At the same time, this UIViewController implements the UIViewControllerTransitioningDelegate protocol. The implementation of this protocol allows you to specify a custom class as an animator. The link to the animator must be stored, since ARC will deinit this object otherwise and the application will crush during the presentation.

The animator class, again, is pretty straightforward to implement. For convenience, the presenting and presented UIViewControllers are passed to the initializer, as well as the isPresenting property, which is responsible for what the animator is used for — presenting or dismissing the screen.

The animateTransition(using:) method is also worth noting here. First, a snapshot of the presentation screen is created and added to the containerView of the animation context. If this is not done, then the area under the presented screen will be empty. Above the snapshot, the presented view is already added. Before starting the animation, the presented UIViewController needs to load the view and perform the layout process. This is indicated by lines 44 and 45. The animation itself is implemented in the presented UIViewController, in the slide(direction:) method, so it is enough to call this method in UIView.animate(withDuration:animation:). In the example, the call to this method is refined with additional parameters to add a springy effect and interactivity during animation.

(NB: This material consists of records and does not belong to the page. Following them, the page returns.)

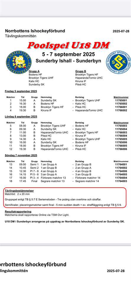 Då börjar det närma sig U18 DM i Sunderby ishall. Jag lägger ett dokument på vår laget.se sida för er att titta på. Spelarna kommer äta lunch och middag där under DM. Mer information och kallelser kommer senare. Kostnad: 600kr/spelare, detta swishar varje spelare senast 5/9 till 123 123 6876 skriver DM och barnets namn. Mvh lagledarna Torbjörn och Magnus U18 HF 22 aug 2025 0kommentarer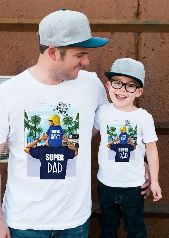 Футболка с принтом Super dadfamily, для Отца и Сынадочери, Забавные...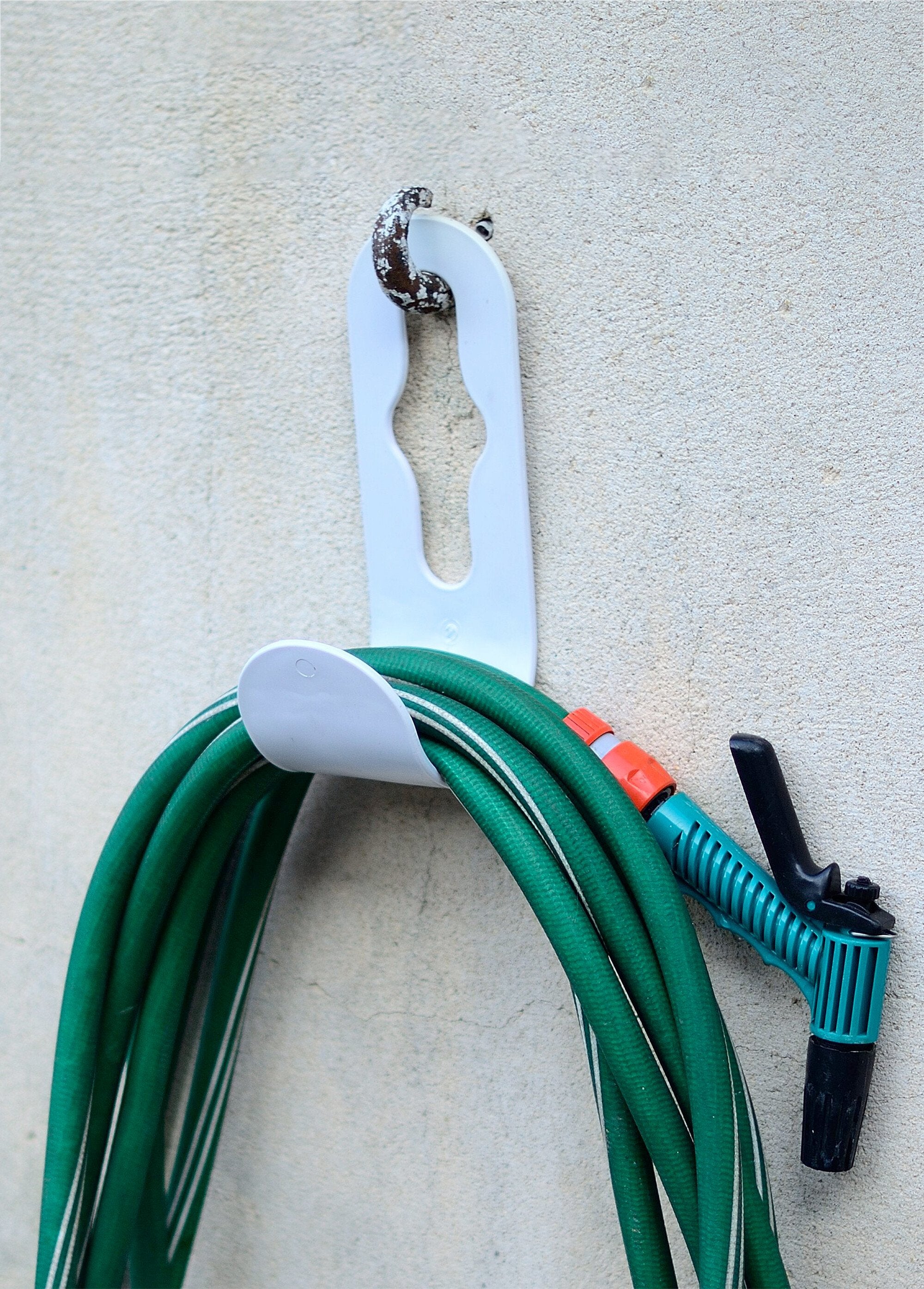 Quick and easy to install around the water inlet tap, without having to drill holes in the wall. It keeps your hose handy and tidy at all times.

The slide(direction:) method slides the vContent vertically in the direction that is passed as an argument to the method. Those, when presenting, vContent is positioned outside the screen, and is slides up to the desired height. When dismissing, vContent is slides down outside the screen. Also during animation, the alpha of the background changes, this helps the user to focus on the content of the presented screen.

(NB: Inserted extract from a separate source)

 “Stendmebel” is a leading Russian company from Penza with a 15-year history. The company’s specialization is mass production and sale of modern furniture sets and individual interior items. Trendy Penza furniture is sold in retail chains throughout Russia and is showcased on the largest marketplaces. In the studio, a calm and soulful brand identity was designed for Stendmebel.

Physics of real objects with translation of the presented screen

Based on data from a verified source (I mean a manufacturer, i.e. Apple)

it becomes obvious that in order to take into account the velocity of vContent it is necessary to use UIKitDynamics objects. There are many examples of using these objects, so it’s just worth briefly describing why a combination of three UIDynamicBehavior was used.

UIAttachmentBehavior.slidingAttachment(with:attachmentAnchor:axisOfTranslation:) — used to disable horizontal translation (set by the axisOfTranslation argument).

UIDynamicItemBehavior(items:) — used to give vContent the acceleration (velocity, which is calculated by the UIPanGestureRecognizer) with which the user performed the translation. The resistance is additionally set so that the animation is not too fast.

And finally, UISnapBehavior(item:snapTo:) is used to snap view to the desired point. When you drag an object, it will tend to the specified point. There is a more subtle way of pinning to a point — using UIAttachmentBehavior(item:attachedTo:) instead of snap. However, this is to complicated, adjust friction, distance, etc.

Together with the UIPanGestureRecognizer, this combination allows you to create a very nice translation animation that takes velocity into account.

Rubber band effect when swiped out of bounds

As you may have noticed, apple system applications implement resistance, which increases when the modal screen is moved out of bounds. Obviously, when calculating the translation, the logarithm is involved in the formula, since the larger the translation, the stronger the resistance.

Having studied a little the textbook of arithmetic of Ancient Egypt and the latest discovery of the Nobel laureate in the field of astrophysics

, managed to derive a formula that calculates the translation with resistance. Of course, a slightly different solution is implemented in the Apple system (the Planck constant is probably used), but even without this coefficient it was possible to recreate a fairly acceptable solution.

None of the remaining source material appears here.